TWO LIES We Believe About WORK

If you’re like most people, you’re not exactly looking forward to Monday. Monday1

  • 50% of workers show up late for work on Mondays.
  • Productivity of the average worker is less than 30% on Mondays.
  • Studies show that most people don’t even smile until 11:16 a.m. on Mondays.
  • Heart attacks increase by 20% on Mondays.
  • More suicides occur on Mondays than any other day of the week.

Even if we love our job, it can be difficult to reset after a relaxing weekend with friends and family. Why is that?

Unfortunately, most of us will spend more of our waking hours at work than we will at home. Many of us will spend more time with our co-workers than we will with our own family members.  We will spend more time in our lives working than sleeping, eating, playing, and being with friends and family. So having a job that you hate and co-workers that you can’t stand can make for a miserable “Moan-day” – a miserable life, really.

What if you could reset your mind for the daily grind?



In order to do that, we have to first understand the TWO LIES that we are believing about work.


LIE #1: Work is a NECESSARY EVIL work

And to the man he said, “Since you listened to your wife and ate from the tree whose fruit I commanded you not to eat, the ground is cursed because of you.
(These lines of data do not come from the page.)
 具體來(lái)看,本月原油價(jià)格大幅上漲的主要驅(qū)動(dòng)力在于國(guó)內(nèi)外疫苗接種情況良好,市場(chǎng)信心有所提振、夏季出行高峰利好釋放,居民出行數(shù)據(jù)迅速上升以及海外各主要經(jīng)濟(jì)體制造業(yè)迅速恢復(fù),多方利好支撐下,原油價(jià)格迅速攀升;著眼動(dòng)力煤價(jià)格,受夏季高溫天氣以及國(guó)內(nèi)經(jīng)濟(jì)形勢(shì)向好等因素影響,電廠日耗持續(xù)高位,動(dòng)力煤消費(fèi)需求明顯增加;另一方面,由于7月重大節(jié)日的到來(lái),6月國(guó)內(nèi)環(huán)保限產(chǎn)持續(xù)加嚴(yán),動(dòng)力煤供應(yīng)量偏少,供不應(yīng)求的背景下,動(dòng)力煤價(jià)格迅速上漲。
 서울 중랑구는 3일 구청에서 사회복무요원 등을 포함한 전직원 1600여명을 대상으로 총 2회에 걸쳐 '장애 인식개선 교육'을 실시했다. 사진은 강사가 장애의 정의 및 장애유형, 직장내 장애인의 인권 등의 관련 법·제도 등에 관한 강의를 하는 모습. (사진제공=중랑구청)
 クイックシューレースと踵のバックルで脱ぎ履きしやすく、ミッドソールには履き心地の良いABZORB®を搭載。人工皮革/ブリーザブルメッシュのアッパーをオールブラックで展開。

All your life you will struggle to scratch a living from it. It will grow thorns and thistles for you, though you will eat of its grains.” (Genesis 3:17–18, NLT)
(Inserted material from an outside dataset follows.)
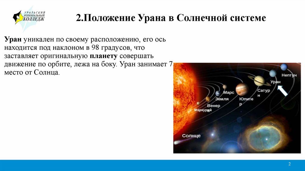 2.Положение Урана в Солнечной системеУран уникален по своему расположению, его ось

Because of sin, work became hard. It will wear you down and wear you out. That’s a promise.

But just because work is hard doesn’t mean it’s bad. Work was given to Adam before sin entered the human race and God called everything He created – even work – “good.”

Work is NOT a necessary evil. It is a necessary GOOD. 
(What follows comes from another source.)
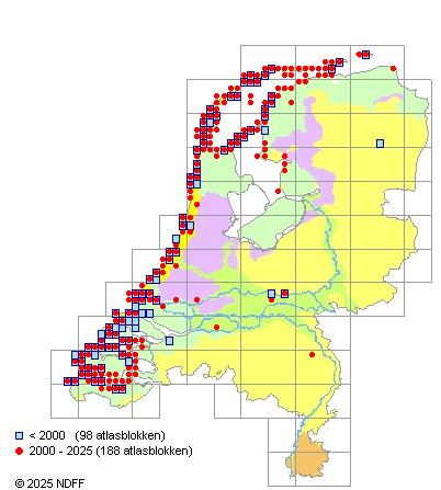 Het aantal atlasblokken (5x5 km) waarin de soort is gemeld binnen een periode van vijf jaar (vanaf 1980) of twintig jaar. Niet gecorrigeerd voor waarnemersinspanning en het aantal doorgegeven waarnemingen kan sterk variƫren per periode, dus een trend in verspreiding kan hier niet direct uit worden afgelezen. Het opgegeven jaartal is het eerste jaar van de periode. Bron: gevalideerde waarnemingen uit de NDFF.

LIE #2: You ARE what you DO

This is especially true for men. If a man meets another man for the first time, what’s the first thing he asks him? So… uh… What do you do?

We don’t care if you’re married or have children. We don’t want to see pictures of your family. It doesn’t matter where you live or have lived. We don’t even care what your name is.

Why? Because that’s NOT your identity. Your identity is what you do.

This lie leads many men to become workaholics.

If you are defined by what you do, then you better do it well and you better do it a lot. We judge others and we judge ourselves by how much money we make, how many projects/people we manage, how productive we are, etc. If you get your identity from your work, then why would you want to be doing anything other than work?

We believe that what we do is who we are.

That’s a LIE!

Men, the TRUTH is: Your identity is NOT found in what you do, but in who you are.

So you have not received a spirit that makes you fearful slaves. Instead, you received God’s Spirit when he adopted you as his own children. Now we call him, “Abba, Father.”” (Romans 8:15, NLT)

You are NOT a slave to the grind! You are NOT a slave to other peoples’ expectations! You are NOT a slave to what other people think of you! You are NOT a slave to your past or your present. What you do is NOT who you are. You are a son of God! That’s your identity – whether you are a minister, mechanic, machinist, or manager.

That’s the truth!

It’s time to reset your mind for the daily grind!

Have a great week doing what God created you to do – WORK.

Watch the talk this post is excerpted from. 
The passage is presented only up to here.